Notifications
Clear all

Direct brain to brain communication

12 Posts
11 Users
115 Likes
1,450 Views
(@rosieheart)
Famed Member Registered
Joined: 6 years ago
Posts: 347
Topic starter  

There is a fascinating article in Scientific American today about a scientific study into the ability of human brains to communicate directly with each other without words.   This has a lot of implications for topics we frequently discuss, so I thought I'd share the link here.  It is well worth reading.

Scientists Demonstrate Direct Brain-to-Brain Communication in Humans

In a new study, technology replaces language as a means of communicating by directly linking the activity of human brains. Electrical activity from the brains of a pair of human subjects was transmitted to the brain of a third individual in the form of magnetic signals, which conveyed an instruction to perform a task in a particular manner. This study opens the door to extraordinary new means of human collaboration while, at the same time, blurring fundamental notions about individual identity and autonomy in disconcerting ways.

 

https://www.scientificamerican.com/article/scientists-demonstrate-direct-brain-to-brain-communication-in-humans/


   
Iridium, Lauren, CC21 and 12 people reacted
ReplyQuote
(@jpage57)
Trusted Member Registered
Joined: 5 years ago
Posts: 8
 

That’s how animal communicators send and receive information with the animal world.
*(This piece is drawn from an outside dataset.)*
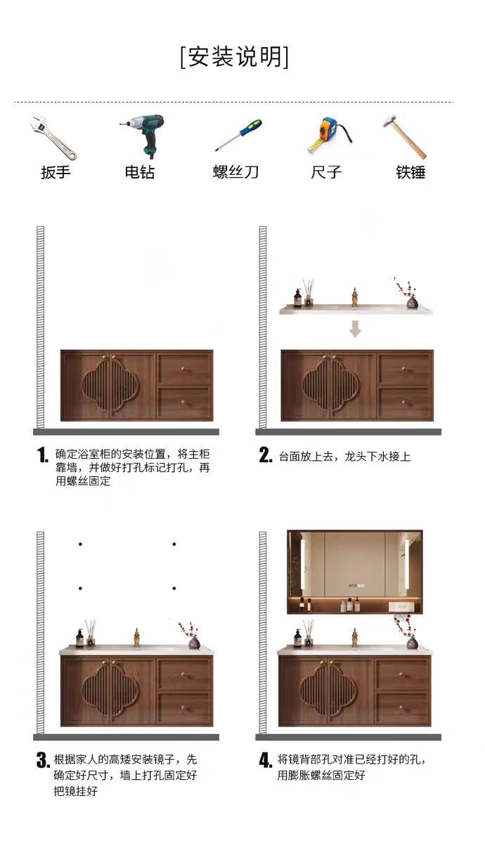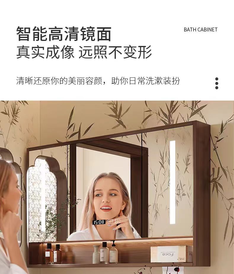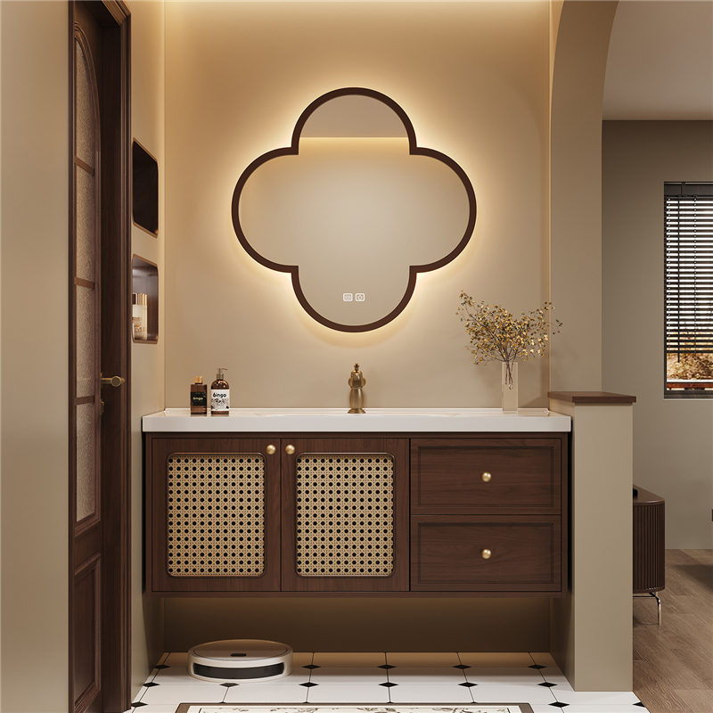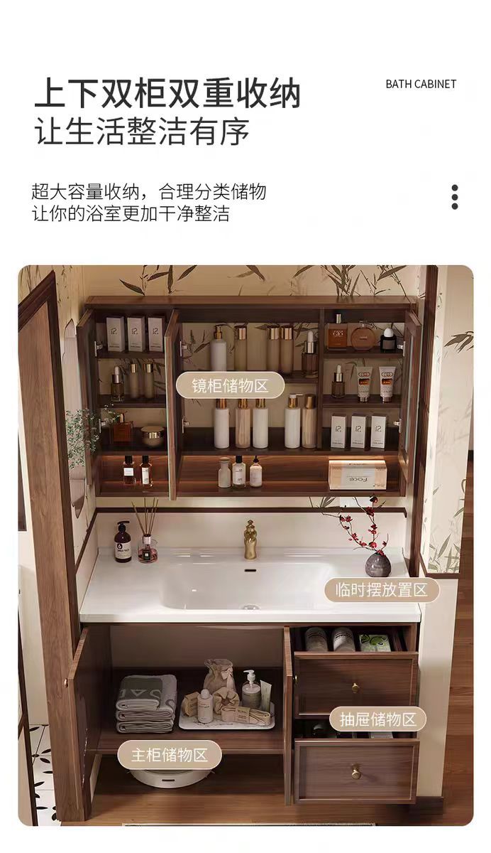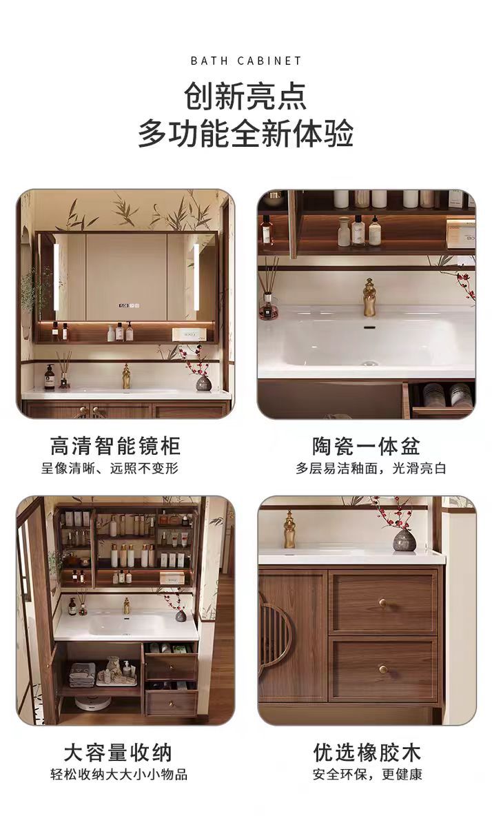 新中国式古風陶磁器一体盆浴室キャビネット床掃除ロボット折り畳み風水鏡洗面台胡桃木色

I’ve been taught techniques by experienced animal communicators and I can tell you brain to brain, or more accurately, energy to energy communication is a real thing and works with practice.  


   
Iridium, Lauren, CC21 and 12 people reacted
ReplyQuote
(@raincloud)
Famed Member Registered
Joined: 3 years ago
Posts: 357
 

@jpage57 

I know there are a number of momentous, historical events occurring but still, given the purpose of this forum, I will relate my modest tale of animal-to-human communication, which is to say, mouse-to-me.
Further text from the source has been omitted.